Thank God, I thought. This semester has been so incredibly stressful that all I could do some days is charge focus on the moment and moving forward. The last few weeks, I just kept reminding myself that Spring Break was around the corner, and with it, a break for me from a bit of responsibility as well as the opportunity to enjoy visiting with some people I haven't seen in awhile.
I had a nice conversation with a close friend this morning. We talked a lot about the process of worrying. Worry itself can be so intensely draining. I've been a worrier all my life. One of my friends jokes that if I had nothing to worry about I would invent something. That's probably true. And it's something that I've become keenly aware of; it robs me of time and pleasure in my life. Anyway, the friend I was talking with this morning has the same problem--letting her worries get the better of her at times. This reflection led us into a conversation about gratitude. Our needs to recognize it, to acknowledge it, to focus more on it. What makes us happy.
I have a friend that I keep up with on Facebook whose posts always make me think about the kind of life I'd like to lead. This person gardens, bakes bread, spends time with her little son, and just seems to enjoy the everyday pleasures that so many of us rush through. I so enjoy reading her posts, seeing her pictures, and thinking about how she spends her days. It's kind of my fantasy, to be able to live a life like that. I don't know that I would be good at it but I so wish I could be. And I'm so very happy for her that she is so good at it, selfishly perhaps, because it provides me wonderful ideas and images of how much life has to offer us if we slow down and enjoy it.
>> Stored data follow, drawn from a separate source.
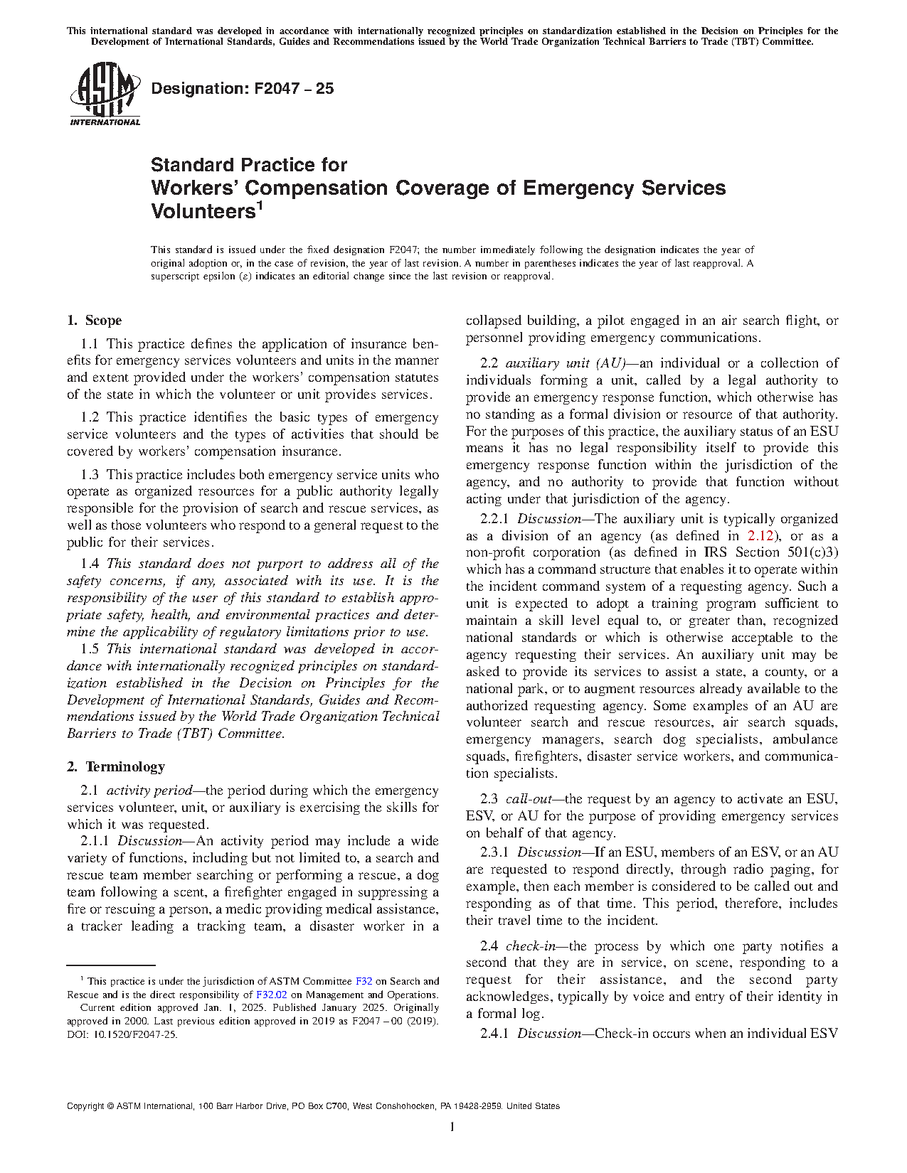 Standard Practice for Workers' Compensation Coverage of Emergency Services Volunteers
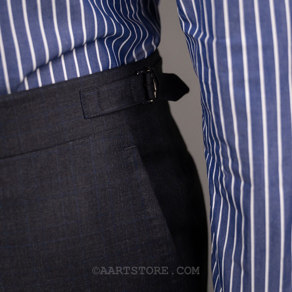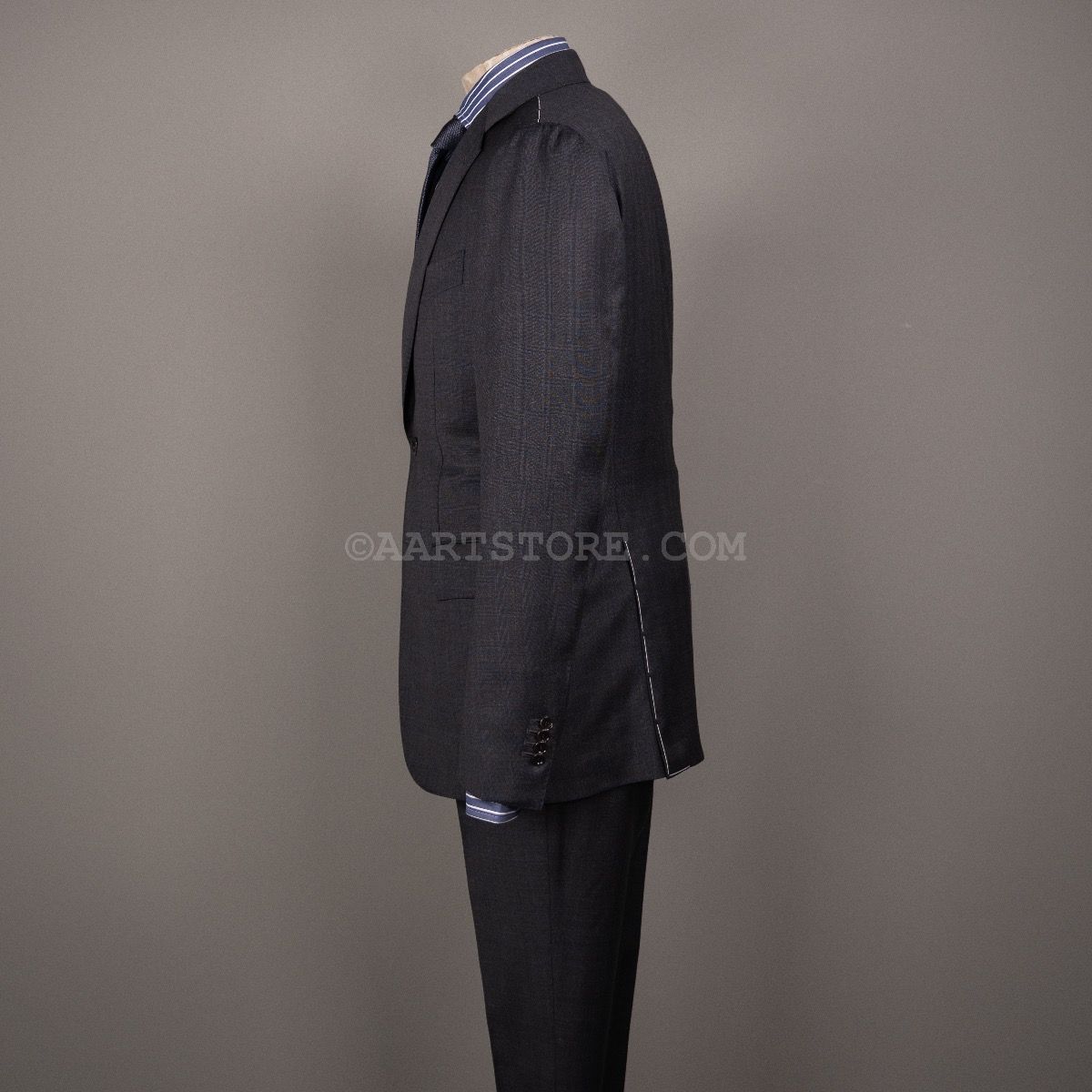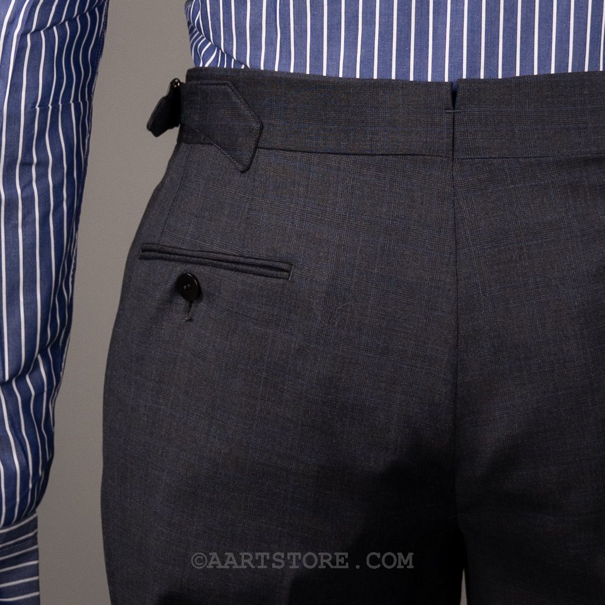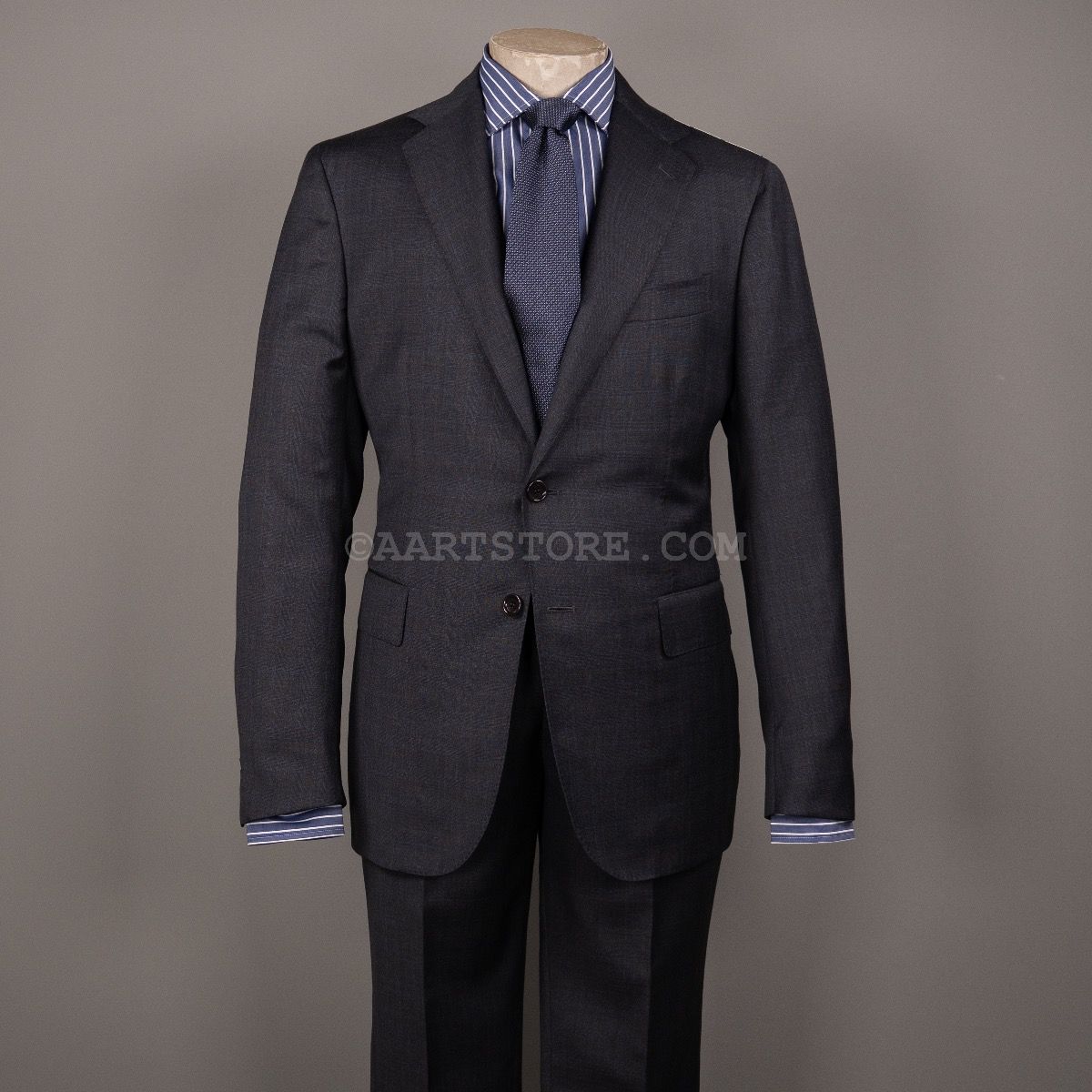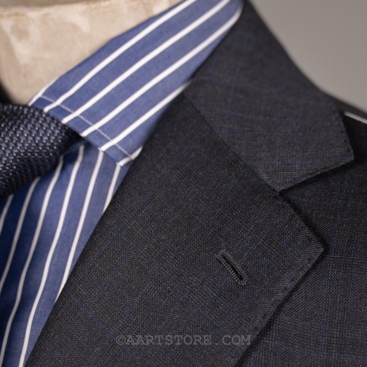 Stile Latino is het label van Vincenzo Attolini en zijn zoon Cesare. Deze telgen van deze beroemde kleermakersfamilie zijn hun label 15 jaar geleden begonnen met maar 1 idee: de allerbeste Napolitaanse tailoring combineren met een eigentijdse, sexy fit. Dat zie je duidelijk terug in dit pak met vage glenncheck. Wat bij de meeste pakkenmakers een uitzondering is, mag je bij Stile Latino als vanzelfsprekend beschouwen: de stof is een super 140 die zelfs nog rijker voelt en in een heel elegante grijstint. De pasvorm is aan het lichaam, maar zonder belemmering en het is een pak dat je iedere dag kunt dragen zonder dat het alledaags is. Kijk ook nog even naar alle details en je bent verkocht. Dit is simpelweg een van de mooiste en mooist gemaakte pakken die je kunt bezitten.
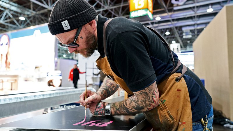 ‘Er is vooral veel vraag naar vintage,’ zegt Frank Chaki. De getatoeëerde verschijning staat op een signbeurs…
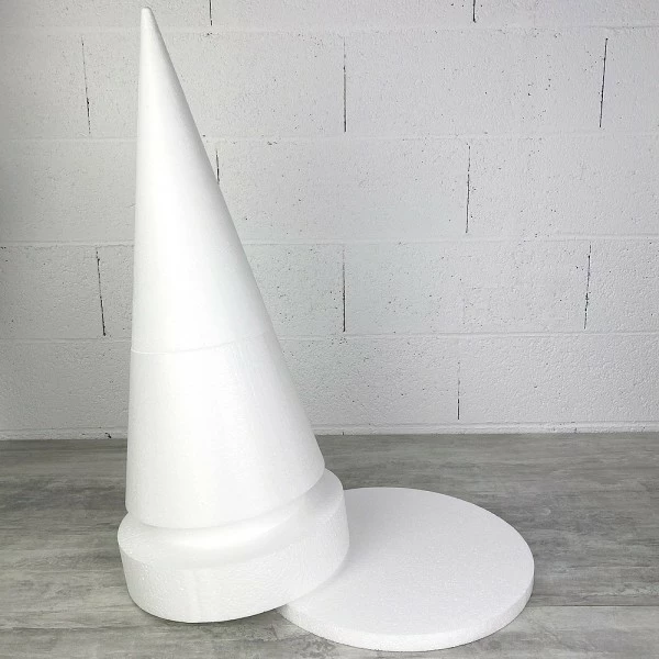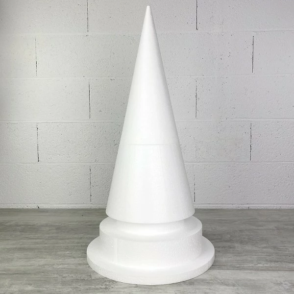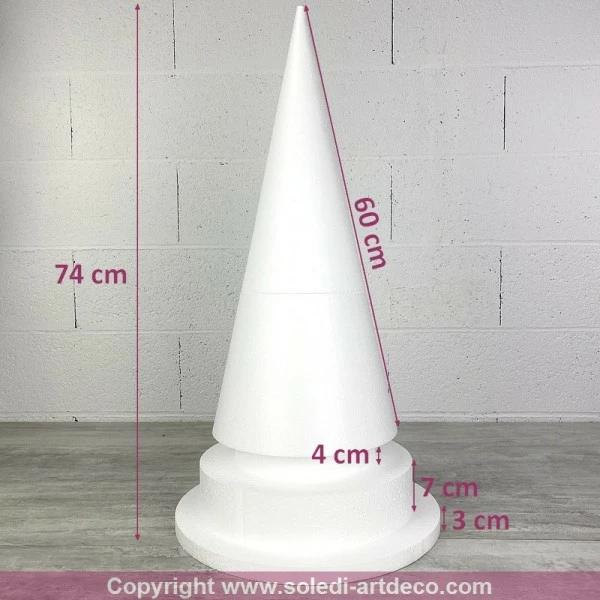 Description de Grand Cône en polystyrène à pied, h. 74 cm avec supports, base 37,5 cm, à décorer
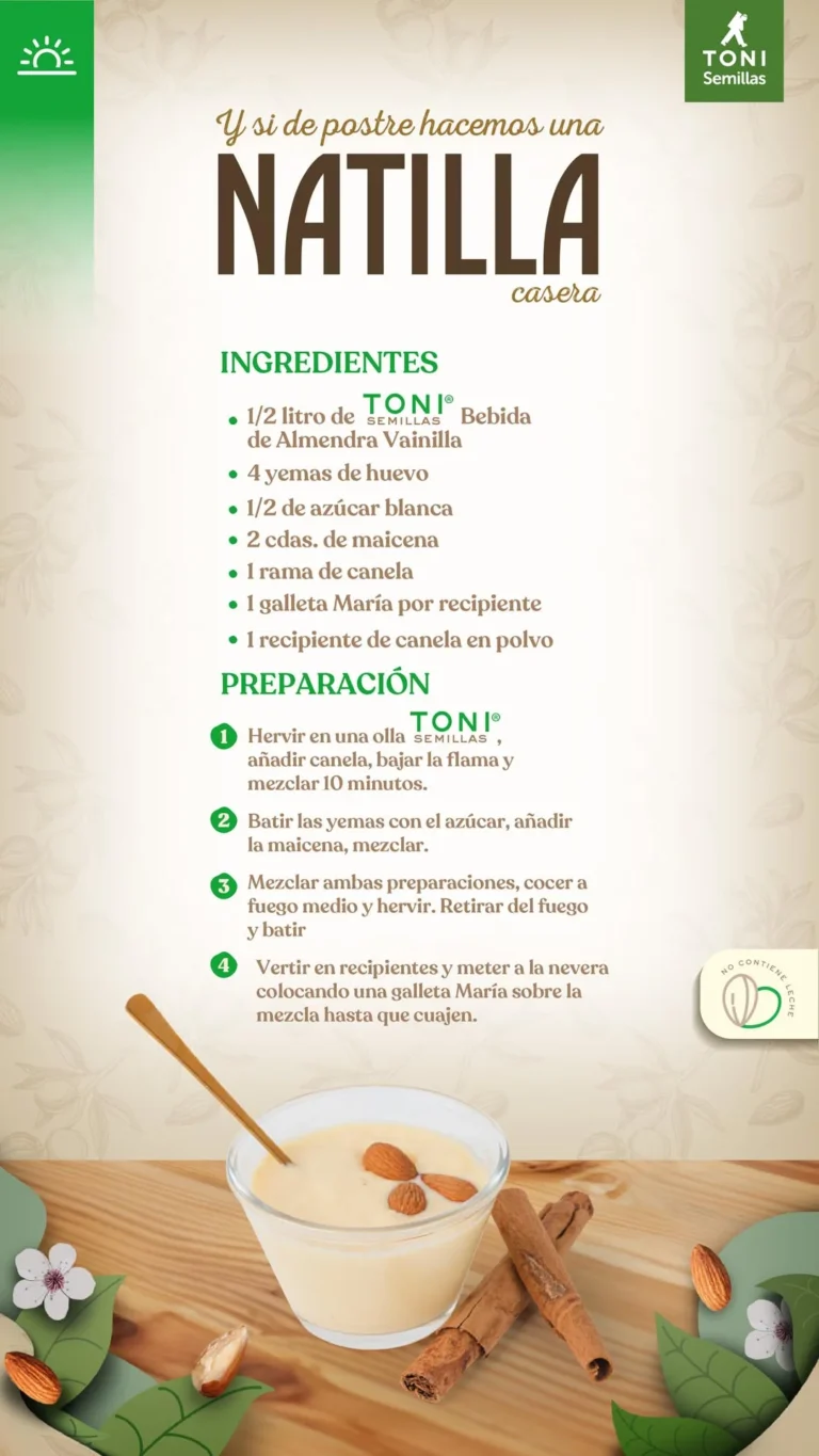 Natilla casera. Preparación sencilla con Toni Semillas o Manjar Toni según receta.

I'm so grateful for my friends. For friends I can call and talk about my worries. For friends that can joke with me about my less-than-flattering attributes. For friends who inspire me to slow down and taste my life. As much as I tend to get lost in my worries, I am truly blessed to have such wonderful, loving people in my life. Someone once said that friends are the family you choose for yourself. Two lovely families. God smiles on me.